*** Available data ***
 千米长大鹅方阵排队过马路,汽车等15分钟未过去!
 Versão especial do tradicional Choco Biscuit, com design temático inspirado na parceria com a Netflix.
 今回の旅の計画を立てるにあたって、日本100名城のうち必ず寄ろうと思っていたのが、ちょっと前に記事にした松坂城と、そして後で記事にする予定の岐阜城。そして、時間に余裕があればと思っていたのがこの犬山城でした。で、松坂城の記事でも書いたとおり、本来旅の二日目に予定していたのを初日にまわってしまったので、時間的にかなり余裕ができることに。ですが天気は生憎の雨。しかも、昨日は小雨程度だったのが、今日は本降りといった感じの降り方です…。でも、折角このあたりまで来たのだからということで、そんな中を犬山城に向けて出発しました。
*** End of Available data ***
*** Available data ***
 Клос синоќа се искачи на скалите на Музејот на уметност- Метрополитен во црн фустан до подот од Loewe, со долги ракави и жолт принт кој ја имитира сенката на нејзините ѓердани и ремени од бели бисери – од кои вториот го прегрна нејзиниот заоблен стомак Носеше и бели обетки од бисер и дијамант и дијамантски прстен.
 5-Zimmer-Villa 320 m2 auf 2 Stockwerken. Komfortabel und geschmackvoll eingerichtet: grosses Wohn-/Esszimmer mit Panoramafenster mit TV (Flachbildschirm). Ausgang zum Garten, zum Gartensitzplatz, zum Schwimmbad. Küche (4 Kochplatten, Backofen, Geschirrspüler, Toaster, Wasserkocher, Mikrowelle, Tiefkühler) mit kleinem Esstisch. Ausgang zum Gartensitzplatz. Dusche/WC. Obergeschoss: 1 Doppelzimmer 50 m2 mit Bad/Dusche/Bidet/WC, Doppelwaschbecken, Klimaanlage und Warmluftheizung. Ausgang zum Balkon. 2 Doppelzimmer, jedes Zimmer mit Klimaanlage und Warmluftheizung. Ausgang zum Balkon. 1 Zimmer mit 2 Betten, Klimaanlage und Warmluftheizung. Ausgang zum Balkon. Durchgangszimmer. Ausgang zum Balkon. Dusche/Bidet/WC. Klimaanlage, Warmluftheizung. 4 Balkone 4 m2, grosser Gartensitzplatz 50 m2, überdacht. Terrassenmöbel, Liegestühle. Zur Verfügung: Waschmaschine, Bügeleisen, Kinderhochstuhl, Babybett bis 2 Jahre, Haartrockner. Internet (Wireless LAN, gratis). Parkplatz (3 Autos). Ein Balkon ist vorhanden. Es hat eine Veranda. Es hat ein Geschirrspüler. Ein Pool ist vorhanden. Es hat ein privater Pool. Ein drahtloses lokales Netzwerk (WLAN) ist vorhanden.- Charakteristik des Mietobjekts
*** End of Available data ***
*** Available data ***
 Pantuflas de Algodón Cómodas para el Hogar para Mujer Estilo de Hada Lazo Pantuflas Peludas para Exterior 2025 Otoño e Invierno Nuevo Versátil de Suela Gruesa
*** End of Available data ***
* [What to produce]: Everything from the line with "千米长大鹅方阵排队过马路,汽车等15分钟未过去!" through the line with "今回の旅の計画を立てるにあた" should be written out exactly as it appears above, end lines included, and nothing outside that range.

* [Response to the exercise]:
 千米长大鹅方阵排队过马路,汽车等15分钟未过去!
 Versão especial do tradicional Choco Biscuit, com design temático inspirado na parceria com a Netflix.
 今回の旅の計画を立てるにあたって、日本100名城のうち必ず寄ろうと思っていたのが、ちょっと前に記事にした松坂城と、そして後で記事にする予定の岐阜城。そして、時間に余裕があればと思っていたのがこの犬山城でした。で、松坂城の記事でも書いたとおり、本来旅の二日目に予定していたのを初日にまわってしまったので、時間的にかなり余裕ができることに。ですが天気は生憎の雨。しかも、昨日は小雨程度だったのが、今日は本降りといった感じの降り方です…。でも、折角このあたりまで来たのだからということで、そんな中を犬山城に向けて出発しました。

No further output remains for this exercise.